> [THE PROBLEM] Return, with both end lines included, exactly what the data below holds from the line with "答:运用了比喻和夸张的修辞手" through the line with "This Autographed Red", though not the pictures.

> [GIVEN RECORDS]
***
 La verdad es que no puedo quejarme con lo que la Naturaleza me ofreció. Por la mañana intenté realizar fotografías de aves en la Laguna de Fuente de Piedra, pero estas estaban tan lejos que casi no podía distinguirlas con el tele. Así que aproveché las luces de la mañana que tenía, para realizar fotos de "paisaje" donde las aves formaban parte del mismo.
***
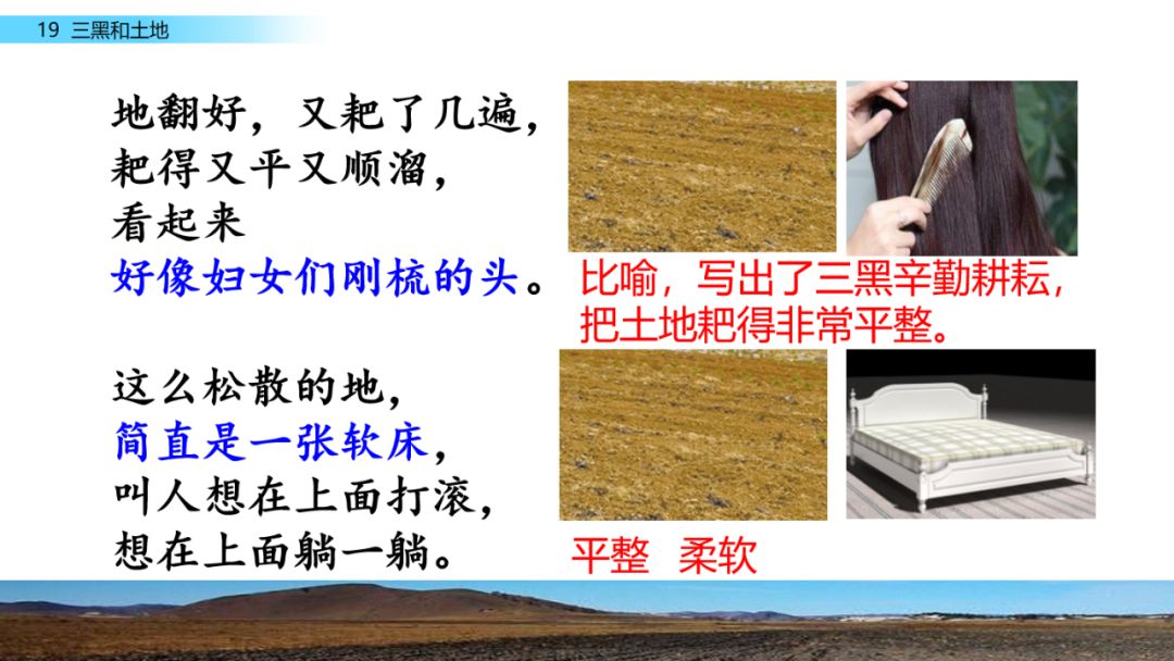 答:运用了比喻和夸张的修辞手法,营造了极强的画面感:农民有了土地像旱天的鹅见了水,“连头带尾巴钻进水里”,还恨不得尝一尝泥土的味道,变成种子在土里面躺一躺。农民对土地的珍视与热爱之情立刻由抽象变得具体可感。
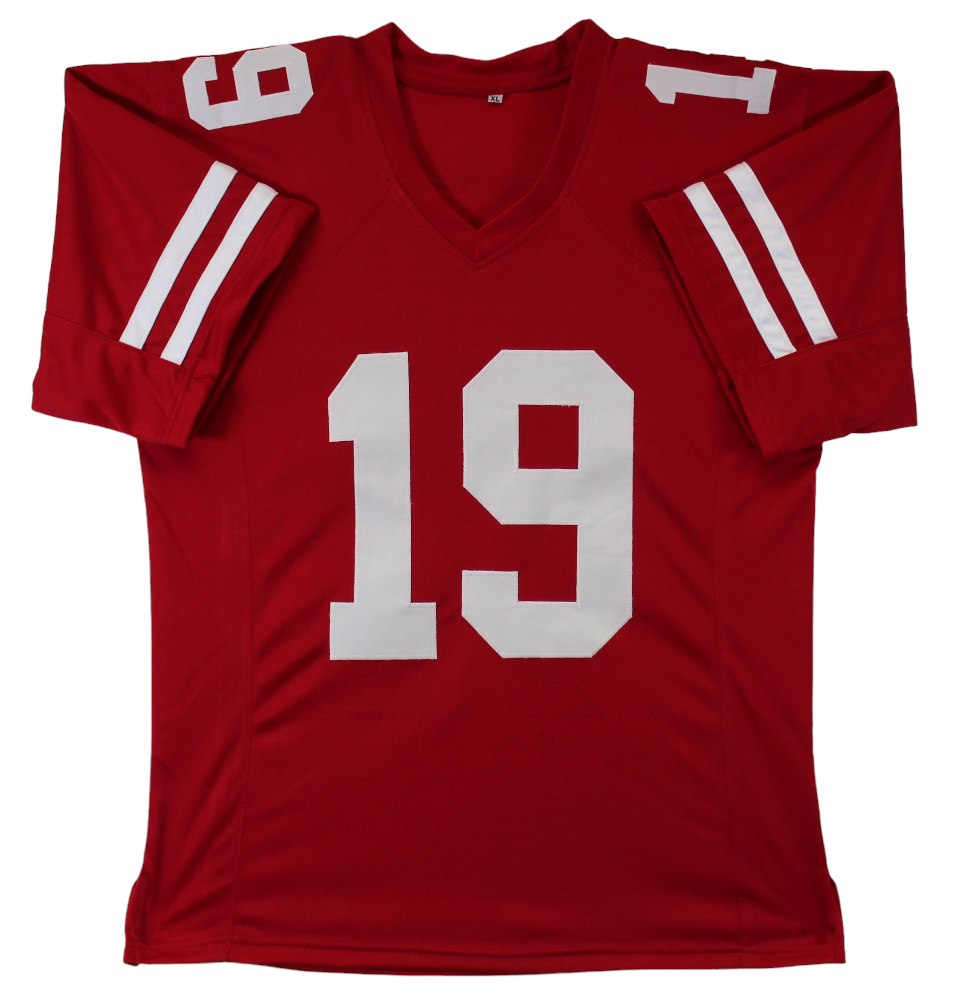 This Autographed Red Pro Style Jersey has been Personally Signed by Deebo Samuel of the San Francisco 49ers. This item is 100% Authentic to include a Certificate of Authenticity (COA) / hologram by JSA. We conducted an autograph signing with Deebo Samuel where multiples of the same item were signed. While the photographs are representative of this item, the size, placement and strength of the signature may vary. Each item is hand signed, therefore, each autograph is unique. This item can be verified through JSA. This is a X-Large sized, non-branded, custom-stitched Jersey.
***
> [EXERCISE ANSWER]
 答:运用了比喻和夸张的修辞手法,营造了极强的画面感:农民有了土地像旱天的鹅见了水,“连头带尾巴钻进水里”,还恨不得尝一尝泥土的味道,变成种子在土里面躺一躺。农民对土地的珍视与热爱之情立刻由抽象变得具体可感。
 This Autographed Red Pro Style Jersey has been Personally Signed by Deebo Samuel of the San Francisco 49ers. This item is 100% Authentic to include a Certificate of Authenticity (COA) / hologram by JSA. We conducted an autograph signing with Deebo Samuel where multiples of the same item were signed. While the photographs are representative of this item, the size, placement and strength of the signature may vary. Each item is hand signed, therefore, each autograph is unique. This item can be verified through JSA. This is a X-Large sized, non-branded, custom-stitched Jersey.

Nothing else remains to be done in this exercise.